One of the leaders outlined the various apparel that was for sale to raise funds for the group as well as sell some tickets for a fifty-fifty raffle.  Eventually, we all stood for the Pledge of Allegiance and then an invocation from one of the two male leaders who was apparently a pastor at a local church.

napoleon

After this the group leader on the right started a spiel about how “THEY” were not allowing history to be taught anymore in the schools.  He had brought a bunch of old books that looked like they came from an antique store, and he went on about how these books had the “real” history in them.  But THEY had removed the true history from current textbooks so that THEY could hide the truth from us about what had really happened.  He ended with two pleas.

  1. Those of us who wanted the truth most not be afraid to stand up and speak out.
  2. We must heal the divide in the country and reduce partisanship.

I could not agree more with his first plea but the second one struck me as strongly hypocritical since all of his speech was a right-wing polemic against what he perceived as a liberal bias in schools and the media.

Now I have to tell you, it was all I could do not to walk out of this meeting.  Retired Arizona veterans are not known for their liberal orientation.  I looked around to see if anyone was as disgusted with the speech just given as I was but no one seemed overly concerned.  I kept my mouth shut and decided to see what the next speaker, the leader who was also a pastor had to say.

download 222

He was even more right-wing than the first speaker.  He went on and on about Political Correctness ruining America and again the ambiguous “THEY” who are out to destroy freedom and democracy.  I was getting more and more annoyed.  I looked around to see if I would have any support in the group if things escalated and decided that I would not.  I thought about speaking out.  Fear governed my emotions.  I kept reminding myself that “The test of tolerance comes when we are in the majority and the test of courage comes when we are in the minority.”  I was no doubt in the minority.  Would I be a craven coward?

download 1

The pastor started to quote Nietzsche with “Those who forget the past will continue to make mistakes.”  I lost it right there.  Wrong person and butchered quote.  Courage did not play a role in what happened next.  I stood up and said “You are wrong.  Nietzsche did not say this.  George Santayana said it and it should go “Those who cannot remember the past are condemned to repeat it.”  Other people have of course said a similar thought, but I do not remember Nietzsche having said this.  Furthermore, my bias against Nietzsche raised my ire even higher than with the first speaker.

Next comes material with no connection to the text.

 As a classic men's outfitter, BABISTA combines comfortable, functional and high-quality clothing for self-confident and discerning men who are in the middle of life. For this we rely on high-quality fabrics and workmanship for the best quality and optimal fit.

I then gave the following diatribe to the assembled group.  I said “First of all there are two things wrong with your speeches.  The first is your belief that some absolute truth to history exists and that all schools must do is teach this truth.”  The one guy waving the Bible earlier led me to think that he must believe that all truth came from the Bible.

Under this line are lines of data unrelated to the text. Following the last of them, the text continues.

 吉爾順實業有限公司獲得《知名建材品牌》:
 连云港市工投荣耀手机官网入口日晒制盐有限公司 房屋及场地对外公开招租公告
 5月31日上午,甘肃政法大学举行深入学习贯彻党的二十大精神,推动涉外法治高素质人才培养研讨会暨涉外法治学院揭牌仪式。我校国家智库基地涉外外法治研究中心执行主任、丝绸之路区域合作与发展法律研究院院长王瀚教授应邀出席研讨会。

Silence reigned in the room, and I plowed on.  “History is full of perspectives and some facts.  Think of the five blind men trying to describe an elephant.  Well history is a thousand times more complicated than an elephant and there are not just five perspectives on history but millions.  If you tried to put all these perspectives and a few facts in one large history book, it would probably weigh a million tons.”

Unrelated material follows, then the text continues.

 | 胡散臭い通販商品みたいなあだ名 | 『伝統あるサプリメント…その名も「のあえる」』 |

“The second thing wrong is your idea about eliminating partisanship.  That idea itself would be a good thing, but you do not eliminate it by insisting that your view of reality is the only view or the right view.  You are causing partisanship when like one of the blind men insisting that he is right, you insist that your perspective is right and others who have a different perspective are stupid, wrong and unpatriotic.  You eliminate partisanship by respecting the perspectives of all people.”  Thus ended my rant.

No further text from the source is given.